Type of graphs: Your first choice is to determine which type of graph would best communicate your findings. Your basic choices are bar graph, line graph, pie chart, or scatter plot.
BAR GRAPH – This is the most common type for science fair projects. You may select a bar graph when your independent variable is qualitative (categories) or quantitative (numbers). It is generally better to group the data by TREATMENT instead of TRIAL # because it allows a better comparison of variation within the treatment. This might not be intuitive if you collected by trial, but it is the better way to showcase your results.
Look closely and make sure your bar graph has all the highlighted parts:
LINE GRAPH – This is the second most common, but frequently used incorrectly, so be careful here.
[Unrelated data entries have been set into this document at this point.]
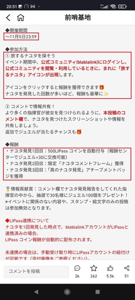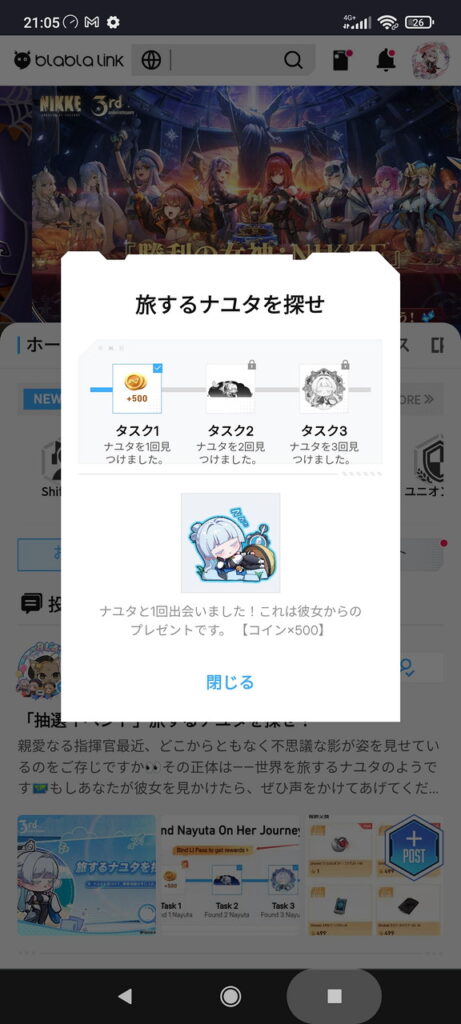 BlablaLinkの特典ミッションに期限はありませんが、入手は各1回のみで復活はしません。以前に完了した方は再入手できません。
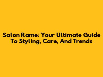 Salon Rame: Your Ultimate Guide To Styling, Care, And Trends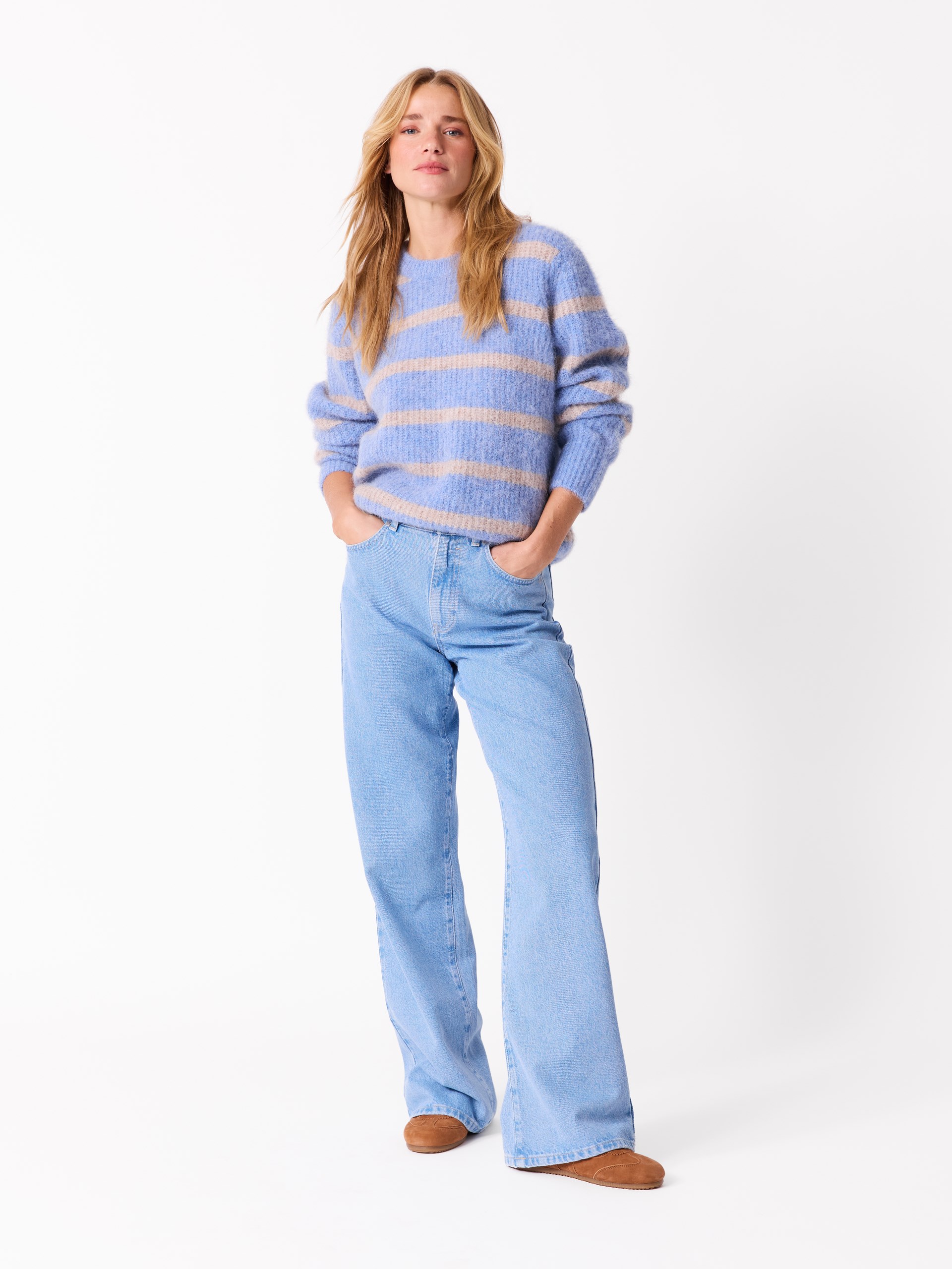 Myk patentstrikket genser i ullblanding med striper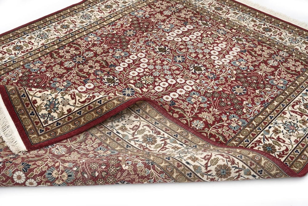 Bu halı, yün ve pamuktan üretilmiş olup dayanıklılığı ve doğal dokusuyla dikkat çeker. 6-12 mm arasında değişen hav yüksekliği, hem konforlu hem de şık bir kullanım sunar. Düz saçak detayı, minimalist bir şıklık arayanlar için idealdir. El dokuma sanatının mükemmel bir örneği olan bu model, Şark halıları arasında ayrıcalıklı bir yere sahiptir.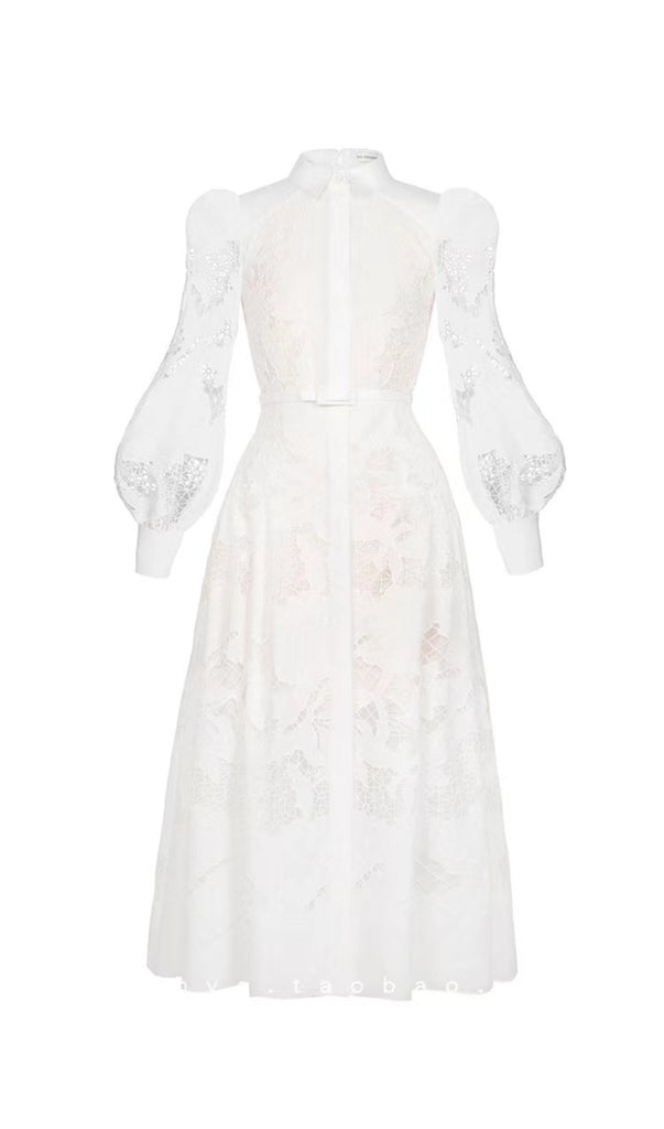 Cette superbe robe midi fera une déclaration en toute occasion. Confectionné en dentelle blanche exquise, il est orné de broderies complexes et terminé par un ourlet complet. Parfait pour un look classique et intemporel.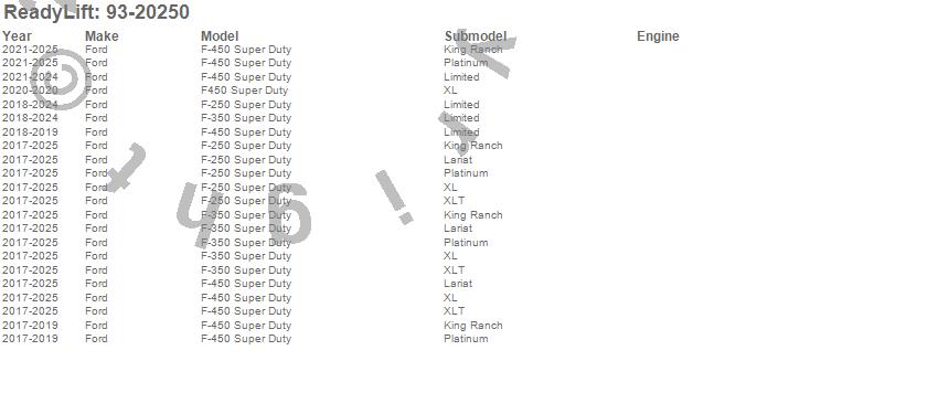 Below is an abbreviated list of applications for the Lift Kit w/Shocks.F-250 Super Duty, F-350 Super Duty, F-450 Super Duty, F450 Super Duty, Ford, 2025, 2024, 2023, 2022, 2021, 2020, 2019, 2018, 2017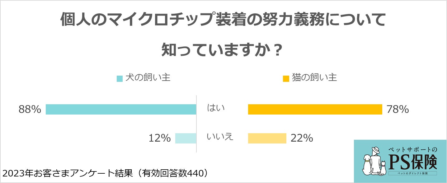 ペット保険の「PS保険」を提供する少額短期保険会社のペットメディカルサポート株式会社(本社:東京都港区赤坂、代表取締役社長:米満 明仁、以下『ペットメディカルサポート』)は、当社ペット保険「PS保険」のご契約者さま2,604名(有効回答数440名:犬の飼い主300名、猫の飼い主140名)を対象に、ペットの犬や猫のマイクロチップ装着について、飼い主の意識・実態調査を行いました。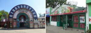 Skælmske viser fra henholdsvis cirkusrevyen og bakkens hvile på dyrehavsbakken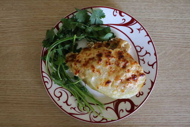 Esta receta la patata fue descubierta accidentalmente cuando estaba cocinando algunas sobras cocido al horno patatas con mantequilla. Cuando terminé de cocinarlos, tomé un bocado y se dio cuenta de que era la receta de patata buena estuve tratando y
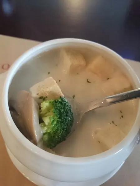 大朵菇類與花椰菜浮沉其中,濃湯口感也很溫順,缺點是喝完這一盅湯,肚子已經半飽了!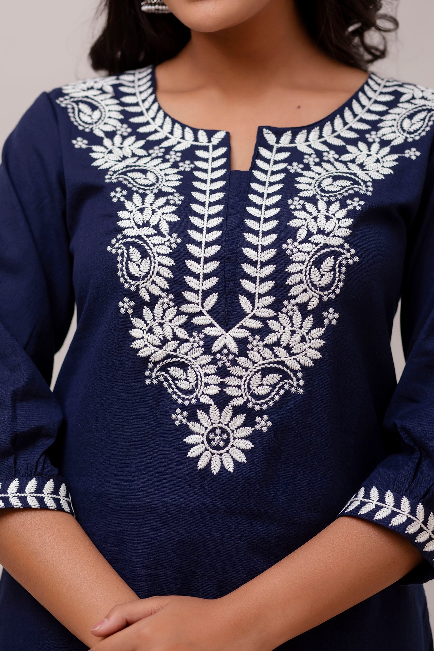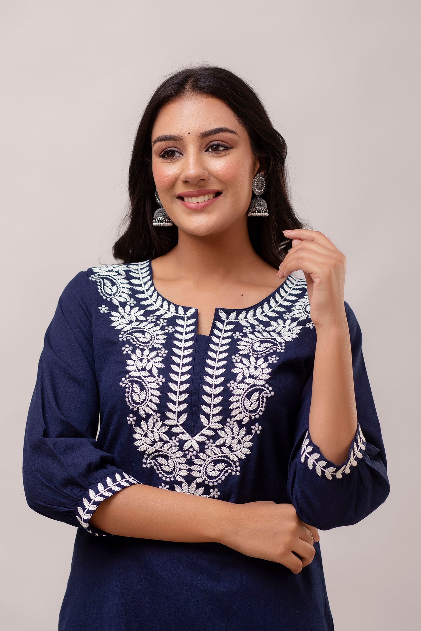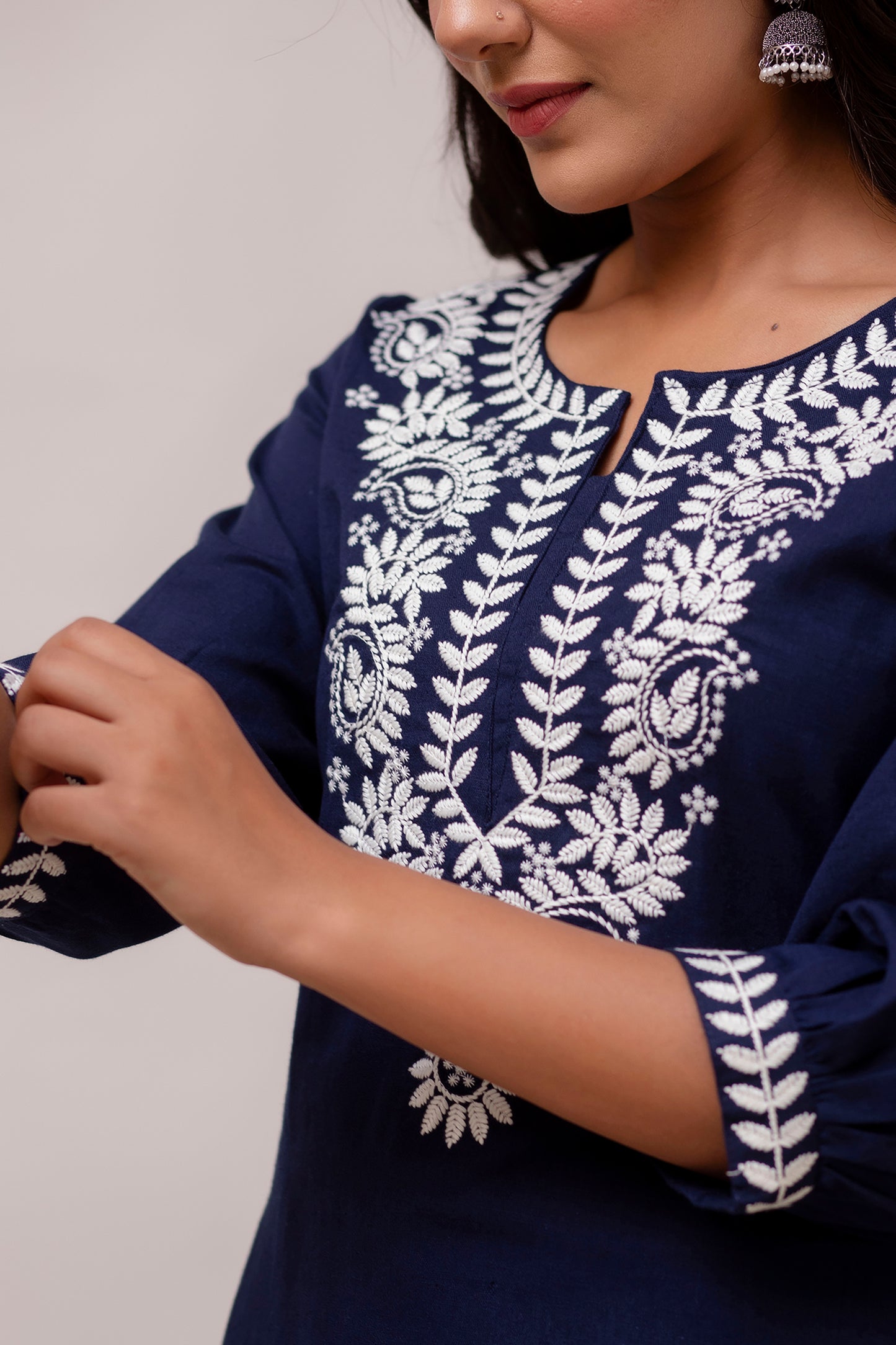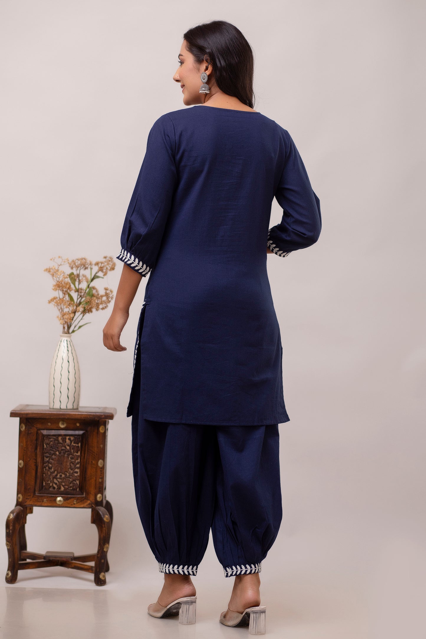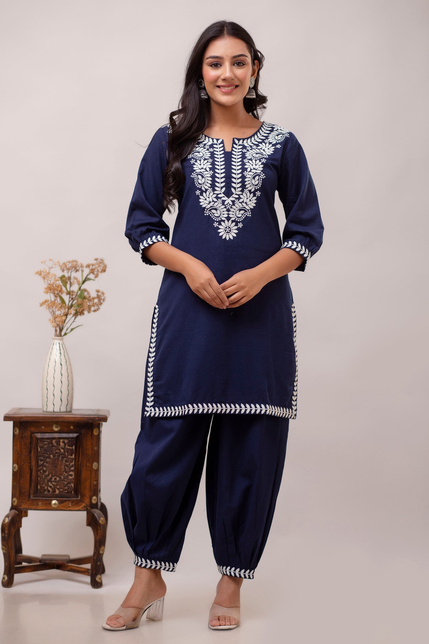 Introducing our Nay Blue Cotton Embroidered Co-Ord Set featuring intricate chikankari embroidery showcasing impeccable craftsmanship. The straight kurta is short in length with round neckline and elegant 3/4th embroidered and pleated sleeves. The set is complete with elasticated afghani pants and one side pocket and embroidred detailing at the bottom. This contemporary design co-ord set is perfect addition to your wardrobe and has an ideal fit and is easy to wear and care.

You should only select a line graph if your independent variable is quantitative (numbers) and you hypothesized that the changes in the independent variable would result in changes in the dependent one. For example, line graphs are great for showing changes in the dependent variable over time or distance along a transect.
Again double check the axes:
PIE CHART – Pie charts are good for projects that have qualitative independent variables and have generated data that can be expressed as percentages of the total. For example, if your data were counts (i.e. the number of times something happened), then this might be your best choice to compare different treatments.
SCATTER PLOT – If the purpose is to see if the variables are related (common in environmental projects), but there was not a clear choice for independent and dependent variables (for example wind speed and water temperature), then a scatter plot would be your best choice. This option typically requires much more data than the others to observe a trend.
Scientists do not label graphs with a title, but if your teacher asks for one — make sure that is there too.